Redefining the principles of corruption
26 May 1998
17 July 2014
2 December 2013
13 January 2014
9 April 2014
24 October 2014
Stephen Silber QC reveals the reasoning behind the Law Commission's proposals for a modern statute to replace existing corruption law. Stephen Silber QC is a law commissioner.
Everybody agrees that everything possible should be done in order to try to stamp out corruption because it strikes at the root of all aspects of life in a democracy.
Unfortunately, the English law of corruption has many defects. It is drawn from at least 12 statutes, including many overlapping common law offences.
The problems are illustrated by the uncertainty on the important issue of the precise mental element that has to be proved before a person can be found guilty of corruption; the law on much of this has been described as being in "impressive disarray".
The Law Commission was asked to look at the law of corruption in response to calls from two important committees: the Salmon Royal Commission and the Committee on Standards in Public Life.
After considering the many thoughtful and useful responses to the consultation paper, the Law Commission formulated its policy and published its report in March with a draft bill attached.
The Law of Corruption seeks to address the problems of a person being encouraged to act in breach of duty by means of a reward.
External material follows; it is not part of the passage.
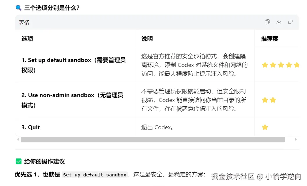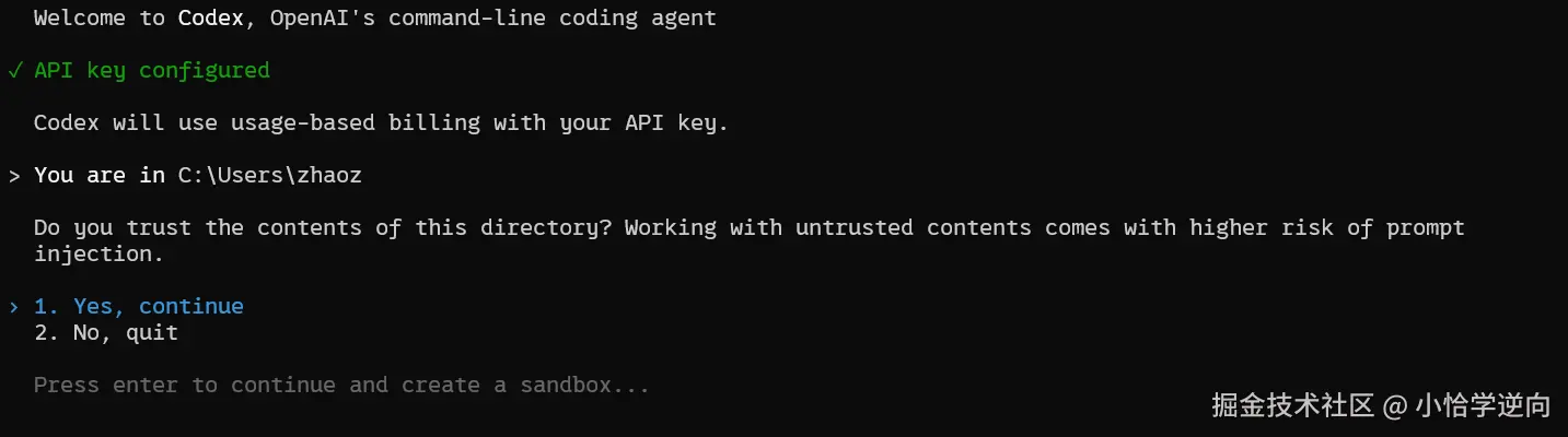 出现这个页面,就说明 codex 这个命令行调用工具已经成功安装,出现的三个选项分别为:

The commission began its analysis of corruption in terms of an "agent" being tempted by bribery to betray the trust owed to his or her principal, using the concept of "agent" in a broad sense of someone who has agreed to perform functions for another person - the agent's "principal".
It then extended the analysis to include those who have been entrusted to perform a function not for an identifiable principal but for the public, whether the public of the UK or elsewhere. Significantly, this would enable this country to comply with the Organisation for Economic Co- operation and Development's recent convention.
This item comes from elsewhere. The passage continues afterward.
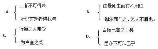 鱼,我所欲也;熊掌,亦我所欲也,二者不可得兼,舍鱼而取熊掌者也。生,亦我所欲也;义,亦我所欲也。二者不可得兼,舍生而取义者也。生亦我所欲,所欲有甚于生者,故不为苟得也。死亦我所恶,所恶有甚于死者,故患有所不辟也。如使人之所欲莫甚于生,则凡可以得生者何不用也。使人之所恶莫甚于死者,则凡可以辟患者何不为也!由是则生而有不用也;由是则可以辟患而有不为也。是故所欲有甚于生者,所恶有甚于死者。非独贤者有是心也,人皆有之,贤者能勿丧耳。 一箪食,一豆羹,得之则生,弗得则死。呼尔而与之,行道之人弗受;蹴尔而与之,乞人不屑也。 万钟则不辩礼义而受之,万钟于我何加焉!为宫室之美,妻妾之奉,所识穷乏者得我与?乡为身死而不受,今为宫室之美为之;乡为身死而不受,今为妻妾之奉为之;乡为身死而不受,今为所识穷乏者得我而为之:是亦不可以已乎?此之谓失其本心。 16.解释下列句子中加点的词。(4分) (1)鱼我所欲也 (2)故患有所不辟也 (3)乡为身死而不受 (4)此之谓失其本心 17.下列句子中加点词的意思相同的一项是(3分) ![]() 18.翻译下列句子。(4分) (1)非独贤者有是心也,人皆有之,贤者能勿丧耳。 (2)万钟则不辩礼义而受之,万钟于我何加焉! 19.作为21世纪的中学生,你怎样理解“义”?请选取两位我国历史上含生取义的人物,简单叙述其事迹。(4分) 参考答案 16.(1)想要的 (2)祸患,灾难 (3)通“向”,从前 (4)天性,天良(每空l分,共计4分) 17.C(3分) 18.(1)不仅贤德的人有这种天性,人人都有。只不过贤德的人能够不丧失罢了。(共2分) (2)对于优厚的俸禄(高位厚禄)不辨别是否合乎礼义就接受了,这样的优厚俸禄(高位厚禄)对我有什么好处呢?(共2分) 19.参考答案;能见义勇为,为正义事业而献身,做于国于民有益的事是“义”。社会上的哥们义气,与小团体、个人私利相关的江糊义气和本文的“义”不同。(2分)我国历史上舍生取义的事例很多,如:唐雎出使秦国,不辱使命;苏武牧羊,不改初心;岳飞抗金,精忠报国;朱自清宁可饿死,也不领美国教济粮。(事例1个1分,共2分)

The commission's recommendations are to replace the existing corruption offences with a modern statute creating four offences:
corruptly conferring, or offering or agreeing to confer, an advantage;
corruptly obtaining, soliciting or agreeing to obtain an advantage;
corrupt performance by an agent of his or her functions as an agent; and
receipt by an agent of a benefit which consists of, or is derived from, an advantage which the agent knows or believes to have been corruptly obtained.
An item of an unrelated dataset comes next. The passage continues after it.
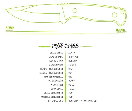 Čepel nože, ve tvaru Drop point, je vyrobena z velmi kvalitní a odolné nerezové oceli AUS-10 s teflonovou povrchovou úpravou. Poskytuje žádoucí rovnováhu mezi ostrostí, funkčností a zachováním ostří. Rukojeť, z velmi odolného materiálu G10, má protiskluzovou texturu, která zajišťuje pevný úchop. Na konci rukojeti je otvor pro zavěšení.
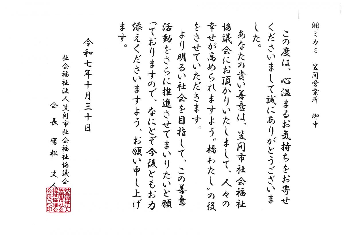 【社会福祉法人 笠間市社会福祉協議会からの感謝状】

The third and fourth of these offences represent a strengthening of the law. At present, an agent commits an offence by accepting a corrupt bribe or reward.
This seems illogical. What makes bribery wrong is that it tempts an agent to betray his or her principal's trust; yet, while the acceptance of the bribe is an offence, the betrayal itself is not.
At present, prosecutions sometimes fail because there is evidence that an agent acted in breach of his or her duty, but not that a bribe or reward was paid or even agreed.
Under the commission's recommendations it would be sufficient to prove that the agent's conduct was motivated by the hope of a corrupt reward, whether or not there was any agreement to that effect.
Again, it is not clear at present whether an agent commits an offence by accepting part of a bribe paid to a third party in return for favour to be shown by the agent. This would be an offence under the commission's recommendations.
Central to all these offences is the concept of doing something "corruptly". This word is used in the existing legislation but it is not defined and, as has been shown, its precise meaning is unclear.
The commission thinks that it should be defined, and has therefore attempted to analyse what it means.
Its conclusion is that the essence of corruption lies in the influencing of an "agent" (that is, a person who has agreed to perform functions for another person - the agent's principal - or for the public) to perform those functions in a certain way, and to do so in return (or at least primarily in return) for the conferring of an advantage on the agent or a third party.
Thus the commission recommends that a person who confers an advantage should be regarded as doing so corruptly if he or she intends a person, in performing his or her functions as an agent, to do an act or make an omission, and he or she believes that, if that person did so, it would probably be primarily in return for the conferring of the advantage.
The concept of corruption in the other offences that the commission recommended would build on the concept of corruptly conferring an advantage.
For example, the commission recommended that a person who obtains an advantage should be regarded as obtaining it corruptly if he or she knows or believes that the person conferring it confers it corruptly, and he or she either requests it or at least consents to obtaining it.
Read literally, these definitions would include an agent's remuneration by his or her principal (or on behalf of the public), and the commission therefore recommends an express exception for such remuneration.
It also recommends a further exception for the case where the agent's principal knows all the material circumstances and consents to what is done.
Those with whom the commission consulted agreed with its provisional view that there should be no distinction between public and non-public bodies.
It was agreed that it is not desirable to have different standards and it is recommended that this distinction should be abolished.